3. Runs a service, which subscribes to the broker and passes in messages to an ML model.

## Edge worker
1. Leases a device and launches a container on it.
2. Runs a container command which gets data, preprocesses and checks it, and passes to the MQTT broker.

## Analysis
1. Periodically download results from the cloud and plot them.

First, we start by establishing which sites we want to use. Here, we use CHI@UC, and also the only Edge site. You could also use `CHI@TACC`. Other bare metal sites will work as well, provided that you update the node type based on what is supported at that site.

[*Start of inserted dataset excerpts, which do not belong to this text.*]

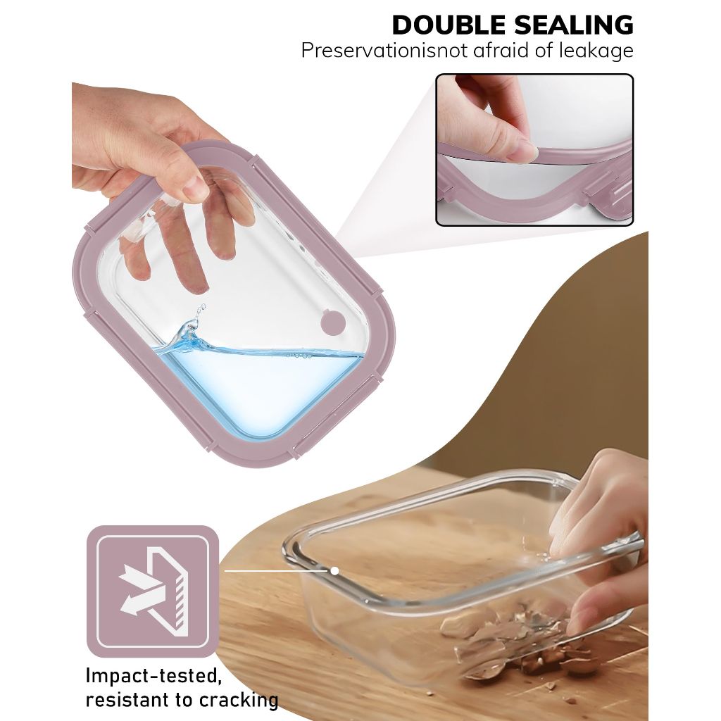 Borohouse Glass Food Storage Containers with Tempered Lids - 5ct (Pink)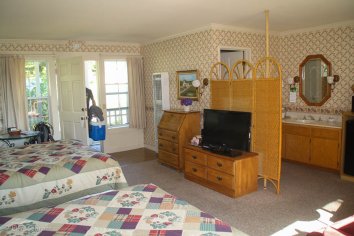 Danach geht es dann erst mal zum Checkin nach Mendocino in unser vorgebuchtes Hotel Blackberry Inn. Auch das gefällt uns auf den ersten Blick sofort sehr gut. Die Hotelanlage ist wie eine historische kleine Stadt aufgemacht — es gibt einen Saloon, einen Barber’s Shop und viele andere Häuser. Wir sind im Sweet Shop untergebracht und rundum zufrieden.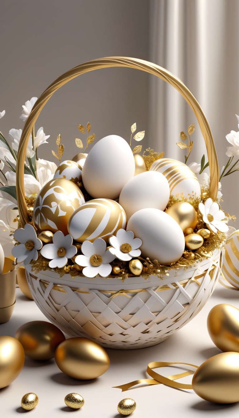 A white wicker basket filled with white and gold Easter eggs, surrounded by small white flowers and golden leaves.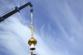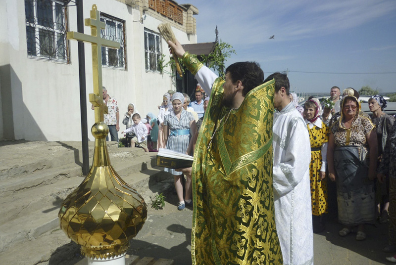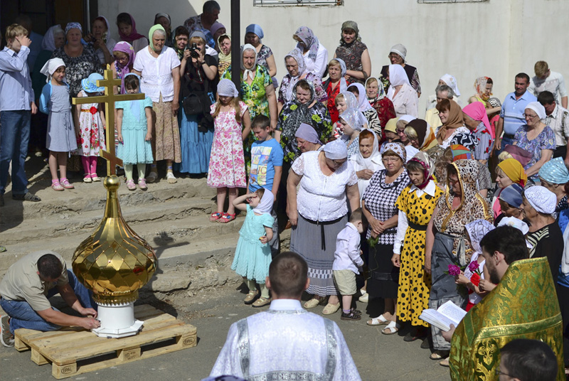 После Литургии и водосвятного молебна настоятель храма иерей Вячеслав Коротков и вся паства собрались на улице у входа, где под пение молитв купол был поднят вверх и установлен на свое почетное место. На солнышке, переливаясь и сверкая в День Святой Троицы, в день зарождения Церкви, храм получил свой дар.

**Enter your project ID** before you continue.

In [None]:
CLOUD_SITE = "CHI@UC"
EDGE_SITE = "CHI@Edge"
# Please enter your project ID!
PROJECT_ID = "Chameleon"

import chi
chi.set("project_name", PROJECT_ID)

# Cloud site

First, we will set up the cloud node.

In [None]:
chi.use_site(CLOUD_SITE)

from chi import lease
from chi import server
import os
import keystoneauth1, blazarclient

Now, we will reserve a node. You may want to change the `lease_node_type`, as your experiment might require a GPU or a different type of node. If this fails, check the [node calendar](https://chi.uc.chameleoncloud.org/project/leases/calendar/host/) to see what nodes are available.

In [None]:
lease_node_type = "compute_cascadelake_r"

reservations = []
try:
    print("Creating lease...")
    lease.add_fip_reservation(reservations, count=1)
    lease.add_node_reservation(reservations, node_type=lease_node_type, count=1)

    start_date, end_date = lease.lease_duration(days=1)

    l = lease.create_lease(
        f"cloud-{lease_node_type}-{start_date}", 
        reservations, 
        start_date=start_date, 
        end_date=end_date
    )
    cloud_lease_id = l["id"]

    print("Waiting for lease to start ...")
    lease.wait_for_active(cloud_lease_id)
    print("Lease is now active!")
except keystoneauth1.exceptions.http.Unauthorized as e:
    print("Unauthorized.\nDid set your project name and and run the code in the first cell?")
except blazarclient.exception.BlazarClientException as e:
    print(f"There is an issue making the reservation. Check the calendar to make sure a {lease_node_type} node is available.")
    print("https://chi.uc.chameleoncloud.org/project/leases/calendar/host/")
    print(e)
except Exception as e:
    print("An unexpected error happened.")
    print(e)

Now, launch an instance on the server. This part may take several minutes. Here, we use a general purpose Ubuntu image. If you want to use Cuda, you can change this to our Cuda appliance. See [this page](https://chameleoncloud.org/appliances/) describing the images we provide. If you would rather use a custom image, see our [documentation](https://chameleoncloud.readthedocs.io/en/latest/technical/images.html) describing how to set one up.

In [None]:
s = server.create_server(
    f"cloud-{lease_node_type}-{start_date}", 
    image_name="CC-Ubuntu20.04",
    reservation_id=lease.get_node_reservation(cloud_lease_id)
)

print("Waiting for server to start ...")
server.wait_for_active(s.id)
print("Done")

After the server has started, attach a floating IP to it.

In [None]:
floating_ip = lease.get_reserved_floating_ips(cloud_lease_id)[0]
server.associate_floating_ip(s.id, floating_ip_address=floating_ip)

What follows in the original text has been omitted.